York, England Oli Scarff/Getty
Auction assistants display birds to potential buyers attending the York Auction Center Christmas Poultry Auction
One of the most touching scenes in Charles Dickens’ “A Christmas Carol” is the Ghost of Christmas Present’s peek inside Bob Cratchit’s home on Christmas Day. The Cratchits are hardworking and poor, and serve at the mercy of bosses like cruel Ebenezer Scrooge. Their holiday spirit, despite their hardships, captivates Scrooge, who watches the family make a huge fuss over their Christmas dinner centerpiece: a goose that was quite small by most standards, but to the Cratchits, it was an immense delight. As Dickens wrote, “There never was such a goose. Bob said he didn’t believe there ever was such a goose cooked. Its tenderness and flavour, size and cheapness, were the themes of universal admiration. Eked out by apple-sauce and mashed potatoes, it was a sufficient dinner for the whole family; indeed, as Mrs. Cratchit said with great delight (surveying one small atom of a bone upon the dish), they hadn’t ate it all at last! Yet every one had had enough, and the youngest Cratchits in particular, were steeped in sage and onion to the eyebrows!” The Cratchits, who have found a way to feel as though they have enough even when it’s clear they don’t, stand in stark contrast to Scrooge, whose greed kept him from ever feeling like he had earned enough, amassed enough, bested the competition enough. When Scrooge is transformed by the Christmas spirits, his first order of business is to send a neighborhood boy to the poulterer to buy the biggest turkey in the window and deliver it, anonymously, to the Cratchits. The Cratchits, who were already satisfied with the thought of their small Christmas goose, would have more than enough for once — this gift that Scrooge can give them proves to be enough to sustain him, too. What a wonderful word, enough.
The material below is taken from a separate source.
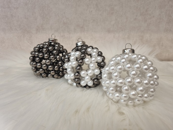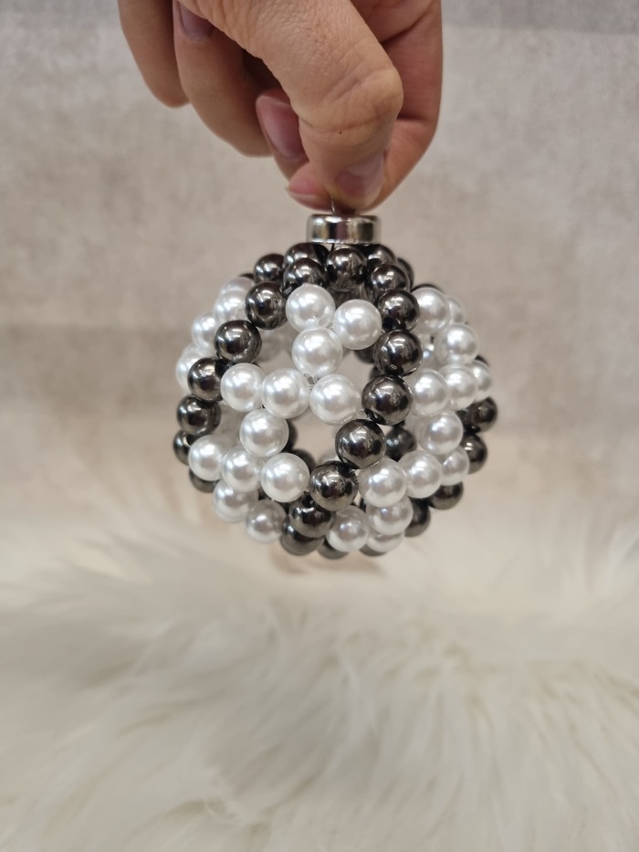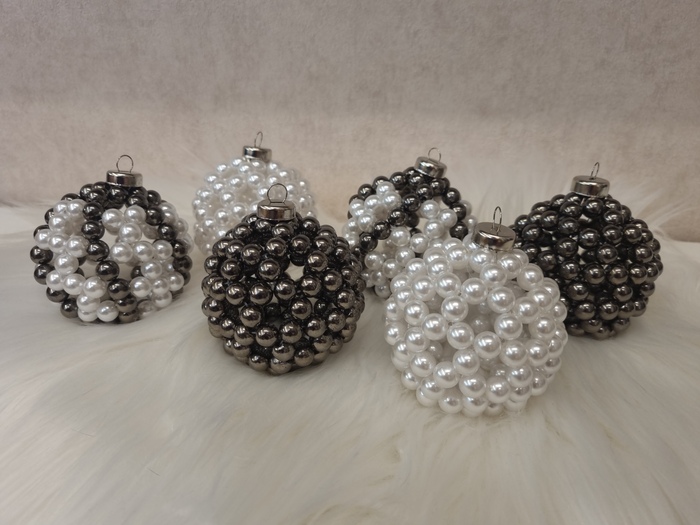 Это то, что я уже плету с закрытыми глазами. В этом году на Новый год прямо бум был на шары из бусин — разноцветные, с определённым узором, из стеклянных бусин. У кого на что фантазии хватает!

—Erin Keane, managing editor
Ankara, Turkey Adem Altan/Getty
Aleppo's "tweeting girl" Bana al-Abed poses during an interview
The radiance and innocent beauty of this young girl belie the utter horror she has escaped in her home city of Aleppo. Youthful resilience is perhaps the only hope for a region torn asunder by violence and conflict.
—Michael Hardy, director of optimization
Girona, Spain Pau Barrena/Getty
Vietnamese brothers try to break the Guinness World Record for climbing stairs of the Girona Cathedral while balancing head-to-head. They broke the record for 90 stairs in 52 seconds
I got a copy of "The Guinness Book of World Records" for Christmas when I was roughly 8 years old, and I loved it. Looking at this photo, I wonder how much fatter the book must have gotten since then. If head-on-head stair balance-climbing is now an active category, what possible human endeavor is not??
—Benjamin Wheelock, senior art director
Palm Beach, Florida Carlos Barria/Reuters
Donald Trump's image is reflected on a door window while he attends a meeting at the Mar-a-Lago estate
Trump glowers (does he ever do anything else?) behind a grate in the middle of his Palm Beach resort Mar-A-Lago, somehow both in the middle of whirl of people and utterly alone. This photo is a perfect distillation of the man: He has had multiple wives, five children and runs around the country collecting acolytes, but you can't shake the feeling that he doesn't have any real love in his life, and doesn't really understand what that would feel like.
Don't pity him, though. He's a monster who will ruin us all.